I went out on my first trail ride with Montana on Monday morning  His previous owner said that he needed a western bit (high port) because he would get rather strong on the trail. I have been riding him in a myler low port comfort snaffle and things were going well, but I knew how some horses were fine in an arena, but would act up on a trail. So needless to say I was a little unsure of how he would react. He was perfect! We would canter and trot and he listened to everything!
We went out at 9am and got back around 12:30 or so.
He only spooked once, but that was because a guy on a bicycle came up from behind us.

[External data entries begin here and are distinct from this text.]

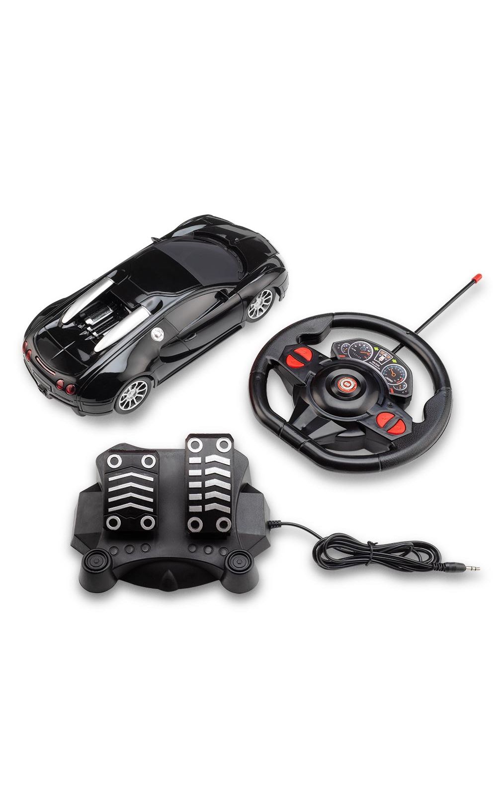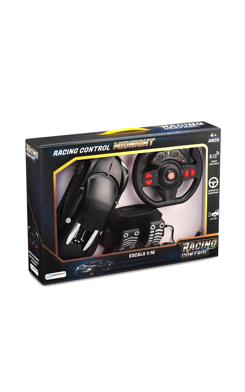 Possui pedais para aceleração e o controle remoto é em formato de volante, com sensor de gravidade para movimentação direita e esquerda. Alcança distância de até 10 metros em escala 1:16, fio de pedal com 1 metro e 40 centímetros. O carrinho possui luz de LED que acendem os faróis, com Racing Control da Multikids a diversão é garantida!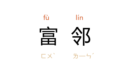 ⒈ 富有的邻人。语本《易·小畜》:“有孚挛如,富以其邻。”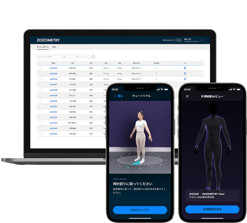 採寸が必要な服の売上拡大やコスト削減に貢献します。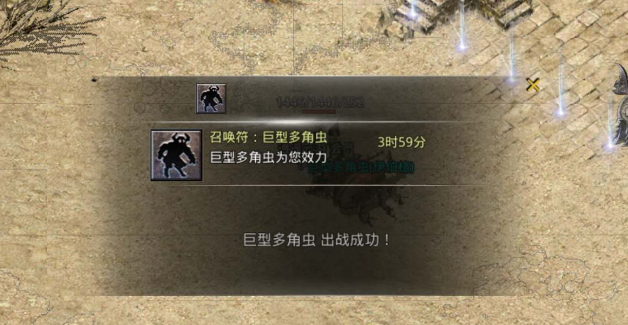 不过召唤符是消耗类道具,用它召唤出来的生物没法像道士的召唤物那样一直存在——每张召唤符的有效时长是4小时,且只算角色在线的时间,下线期间不计入;另外召唤物死亡后,得等60秒才能重新召唤。和道士的召唤物还有点不同:召唤符召出来的生物只能对怪物发起攻击,不能攻击玩家,而且在沙巴克战斗进行时,召唤符是无法使用的。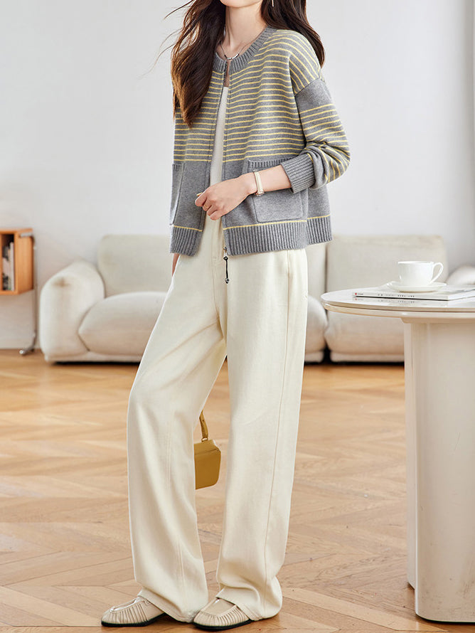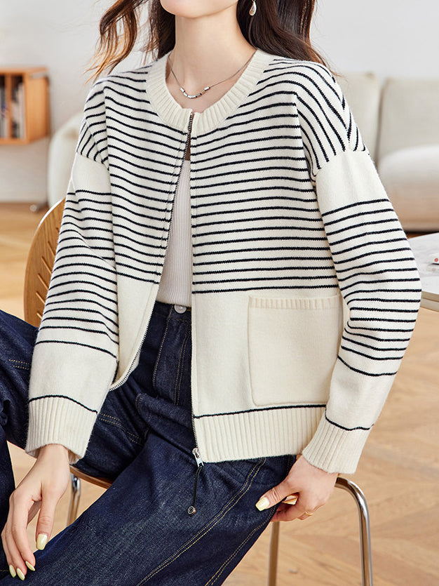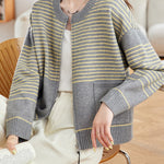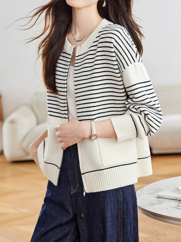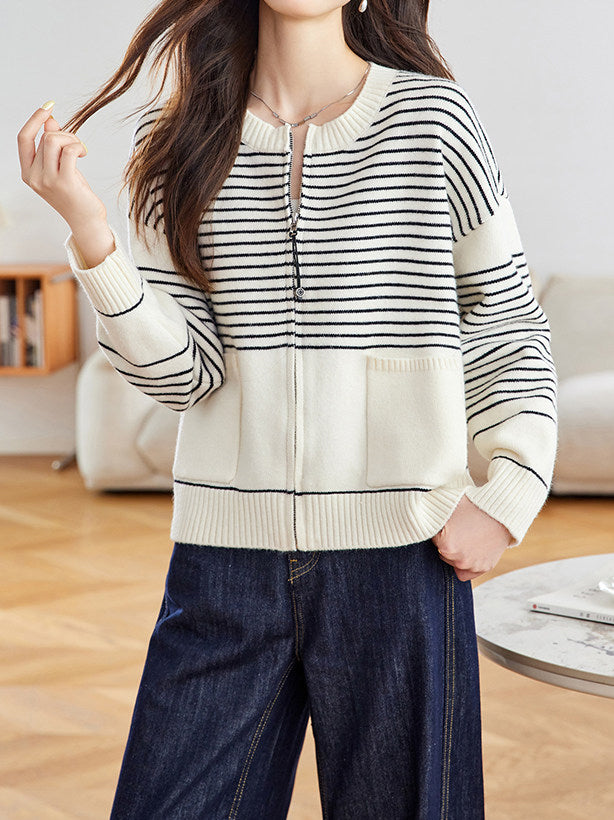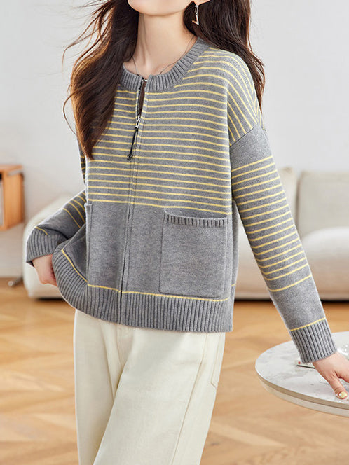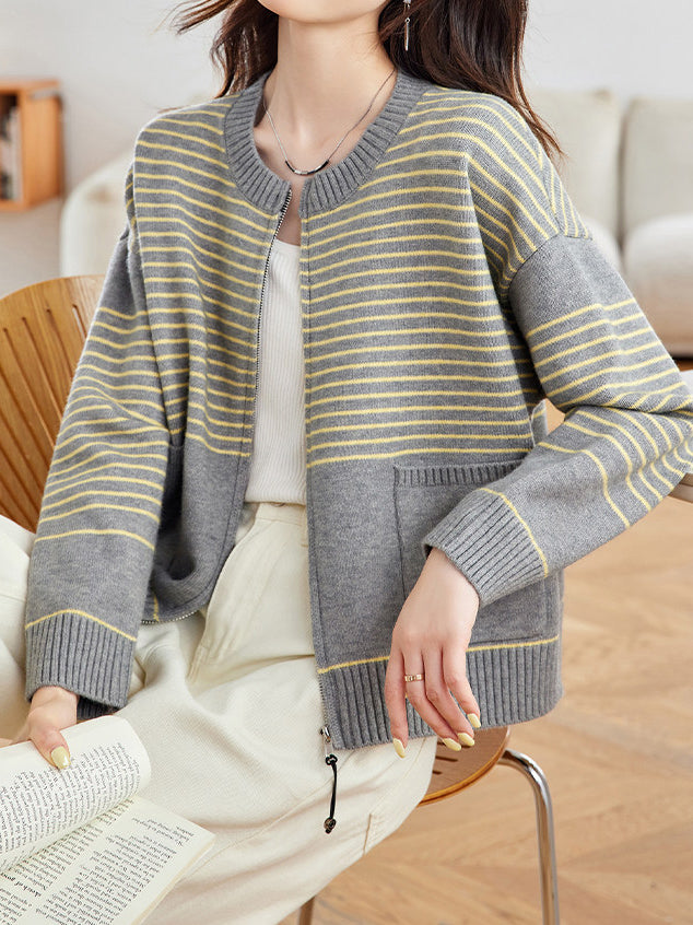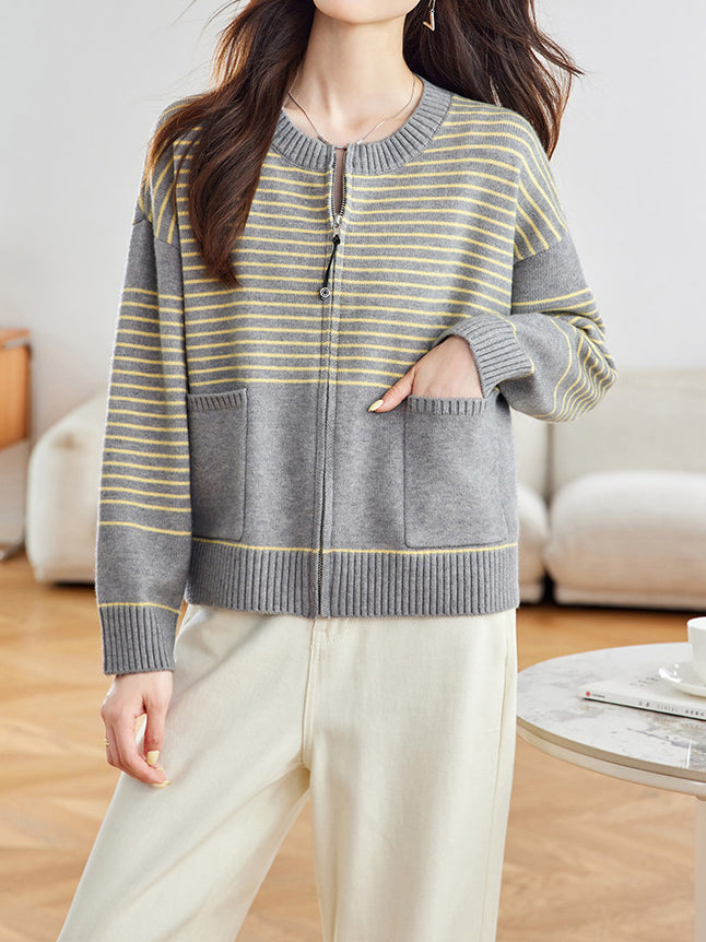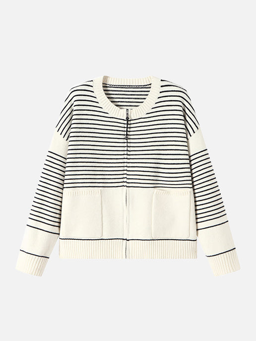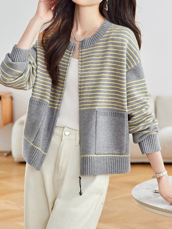 パネルボーダージップアップカーディガン 2色入
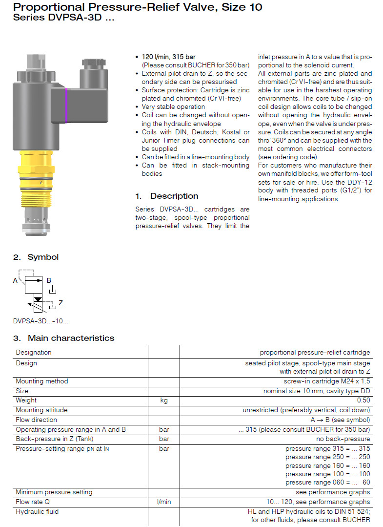 DVPSA-3D-250-10-2,DVPSA-3D-160-10-2,DVPSA-3D-060-10-2,DVPSA-3D-315-10-2,Bucher比例溢流閥 |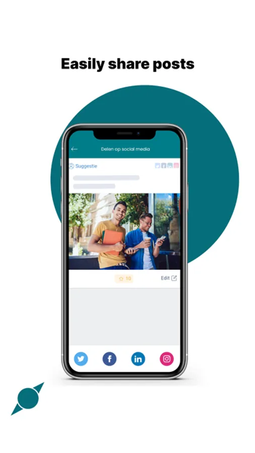 Het werkt heel eenvoudig. Jij legt je collega’s of andere stakeholders kant-en-klare berichten voor. Zij publiceren deze vervolgens met een druk op de knop (binnen de app) op hun persoonlijke kanalen of hun bedrijfskanalen. Vrijwillig natuurlijk. En zodra ze iets willen aanpassen, kan dat natuurlijk ook.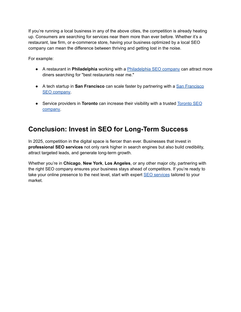If you’re running a local business in any of the above cities, the competition is already heating up. Consumers are searching for services near them more than ever before. Whether it’s a restaurant, law firm, or e-commerce store, having your business optimized by a local SEO company can mean the difference between thriving and getting lost in the noise. For example: ● A restaurant in Philadelphia working with a Philadelphia SEO company can attract more diners searching for "best restaurants near me." ● A tech startup in San Francisco can scale faster by partnering with a San Francisco SEO company. ● Service providers in Toronto can increase their visibility with a trusted Toronto SEO company. Conclusion: Invest in SEO for Long-Term Success In 2025, competition in the digital space is fiercer than ever. Businesses that invest in professional SEO services not only rank higher in search engines but also build credibility, attract targeted leads, and generate long-term growth. Whether you’re in Chicago, New York, Los Angeles, or any other major city, partnering with the right SEO company ensures your business stays ahead of competitors. If you’re ready to take your online presence to the next level, start with expert SEO services tailored to your market.

We recovered very well from that though. He was fine with people passing by, trucks, crossing roads, everything! 

I took some pictures on the trail, as well as a video 
Sorry the quality on the video is so poor. It was taken on my phone.


----------



## meggymoo (Mar 10, 2007)

Aww I'm glad he was well behaved for you. 3 and a half hour ride! Wow, I haven't ridden for that long in years!

I love how his ears are flicking back and forth on your ride. Listening to his momma.


----------



## PoptartShop (Jul 25, 2010)

Cool trails! Aww, glad he behaved well- he looks really calm in the vids, & alert too.


----------



## Arrow (Jul 21, 2008)

Great pics, glad it went well!


----------



## my2geldings (Feb 18, 2008)

How exciting! it looks like you guys had fun! I can't wait to take babies out on their first trail ride. Great photos!


----------



## appylover31803 (Sep 18, 2007)

Thanks everyone 

Surpringsly enough, I wasn't even sore from that ride. I went on 2 trail rides the weekend before that and that was the first time going out on a trail in years and we were out there for about the same time or a bit longer. So I guess I my bum was already conditioned to it:lol: And Montana was a lot smoother than the horse I rode on previous trails.

I'm hoping to purchase saddle bags and bring my camera to get pictures and videos, instead of using my phone.


----------



## kitten_Val (Apr 25, 2007)

It's great you can trail ride safely now and have fun!


----------